Both metrics start at 100% and decrease when your instance exceeds its baseline performance.
For baseline and maximum performance of all EBS optimized instances, please check - Amazon EBS-optimized instance types
To optimize replication performance, consider upgrading your instance type if you consistently require high iops/throughput. Additionally, monitor your EBS volume metrics closely and consider upgrading to io2 or gp3 volumes for better performance. Implementing CloudWatch alarms for critical metrics and regularly monitoring burst balance credits can help you stay ahead of potential performance issues.
Upon completing a thorough analysis of the AWS-side components as detailed in this section, if no significant bottlenecks or issues are identified that could account for the slow replication performance in AWS Application Migration Service (MGN) or Elastic Disaster Recovery (DRS), it becomes imperative to shift focus to the source environment.

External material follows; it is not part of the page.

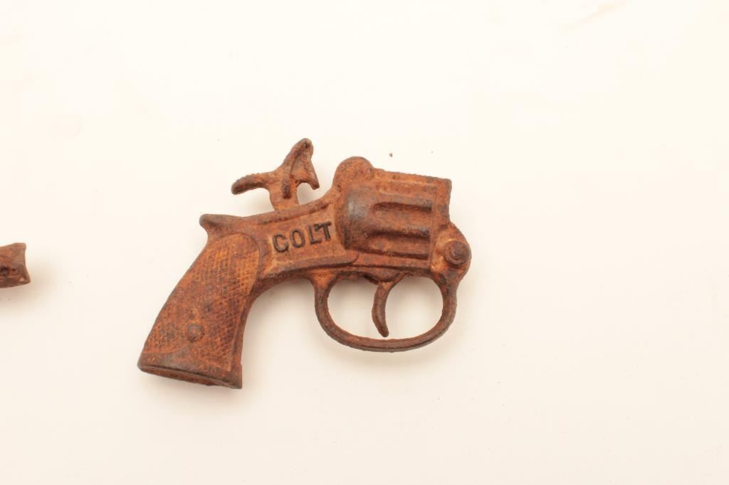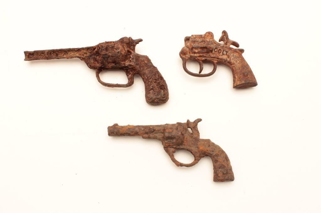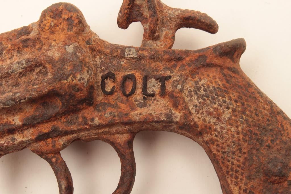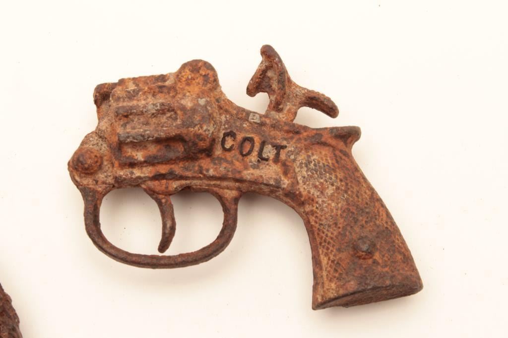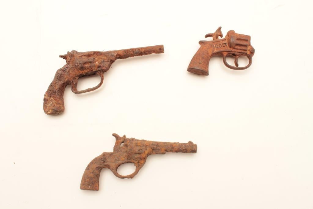 Lot of 3 rusty relic small cap guns including one marked “COLT” (missing barrel). From the collection of John O. Beckwith. Est.: $75-$125.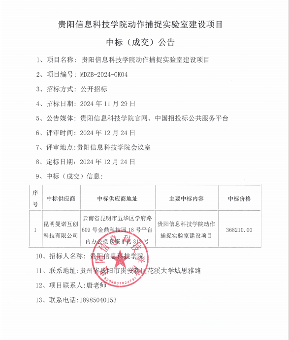 yabo鸭脖官网动作捕捉实验室建设项目中标(成交)公告

In scenarios where AWS infrastructure appears to be functioning optimally, yet replication speeds remain suboptimal, it is crucial to conduct a comprehensive examination of the source machine. This investigation is particularly vital as source-side constraints can significantly impact replication performance, even when the AWS environment is properly configured.
For a detailed guide on performing these essential source-side checks, specifically for Windows environments, please check - How do I fix replication lag for Windows source machines in AWS Application Migration Service?
By understanding these factors and implementing appropriate monitoring and optimization strategies, you can significantly improve the speed and reliability of your replication processes in AWS MGN and DRS services.